We are not machines; we are teachers- we teach with emotions, we become sad, we grow excited, we become happy, we get irritated, we become angry, we become joker, we become hero, we change ourselves now and then because we care for our students no less than their parents do. Now a father walks into our classroom and questions our emotions. We can stop our emotions and start being machine anytime but that's not what our country wants of us, that's not what our king wants of us, and that's not what our students want of us. And dear parents please step aside and let us do our work, we are on a national mission.
But unlike the mission of the UNICEF fellow, he was sent here on the United Nations' goodwill mission, he was here to help us but what did he do? He insulted the culture of the innocent nation, he manhandled a teacher in the nation where teachers are respected highly, he has corrupted one of Bhutan's highest value.
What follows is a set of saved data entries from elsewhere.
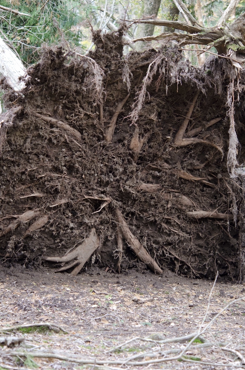 根こそぎ倒れた倒木が至る所にあります。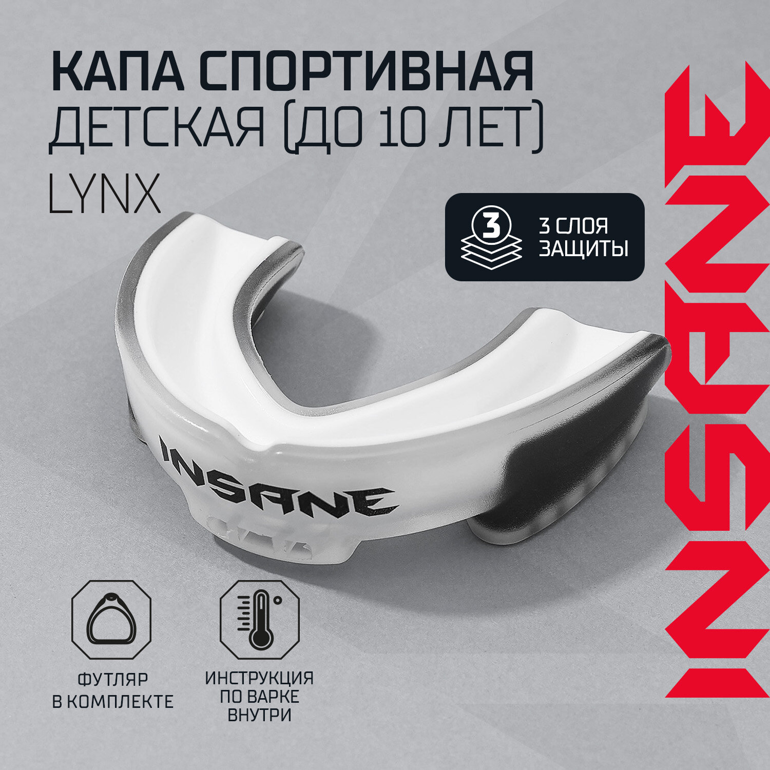 Купить Капа Insane 1-челюстная Lynx, эва, белый/черный, детский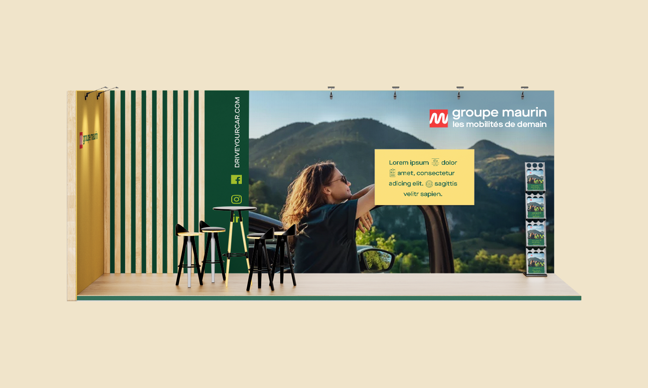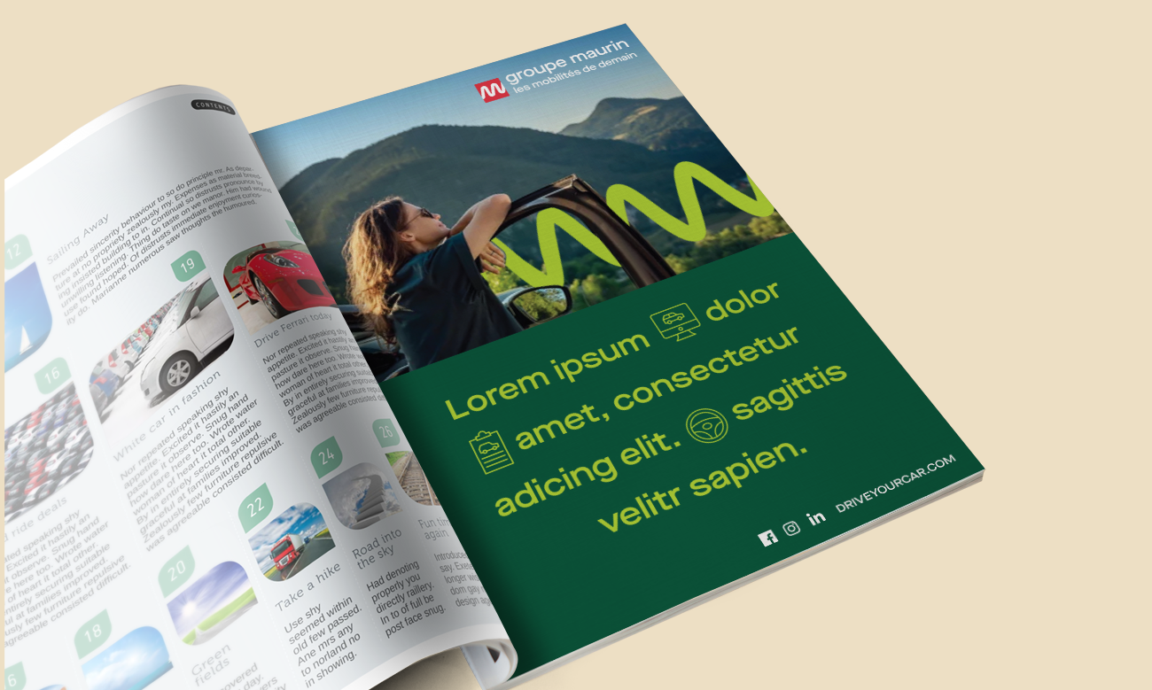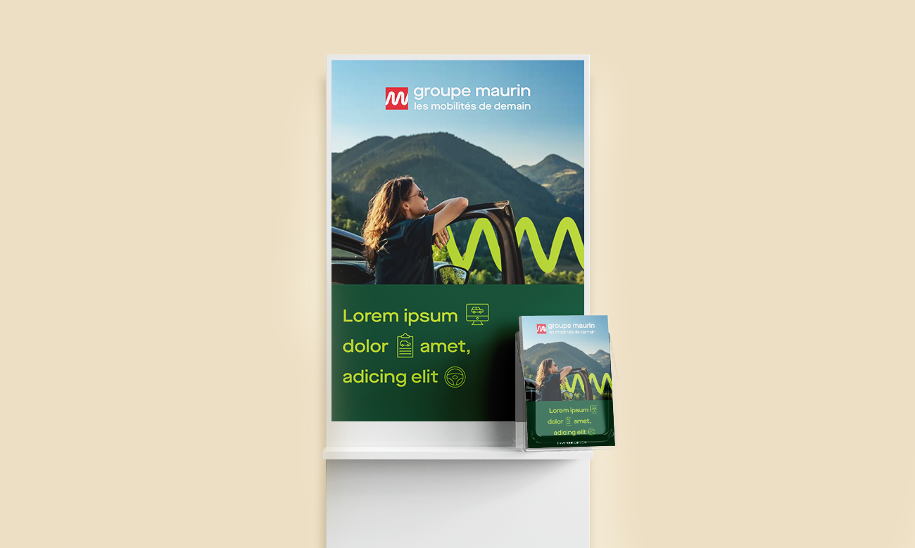 Conception de la nouvelle identité visuelle du Groupe Maurin, dans le cadre d’un appel d’offres via agence. Cet axe graphique s’inspire du mouvement circulaire intégré dans la lettre G du logo, symbolisant le dynamisme et le mouvement continu propres au secteur automobile. Le concept a été décliné sur l’ensemble des supports de communication print et digitaux : logo, papeterie, réseaux sociaux, key visual, annonces presse et outils de communication, pour garantir une cohérence visuelle forte et un branding impactant.

As is the trend, now we are expecting more such disgrace and he will be remembered as the forerunner.
Even on the personal grounds he was a doctor who is supposed to treat people, care for them and comfort them but he disgraced that profession too. If his son thinks his father was a hero after that then it's another disgrace, and I am only happy and relieved that they are not Bhutanese.
Debate and Outrage continues on
Facebook Forum and
Kuensel Forum and we wish to know what happens to the man and what steps will be taken to ensure that we the teacher are safe after this. He was lucky to have lost his senses in Bhutan; our values forbid aggression and violence, the same value that he has kicked. If it had happened in any other country than Bhutan he would have known the price of his action. He would have to run for his life and his
diplomatic immunity would be only a crap on paper. How waste of a person to travel half world across with the highest qualifications and not to have woken up to learn the simplest Bhutanese values.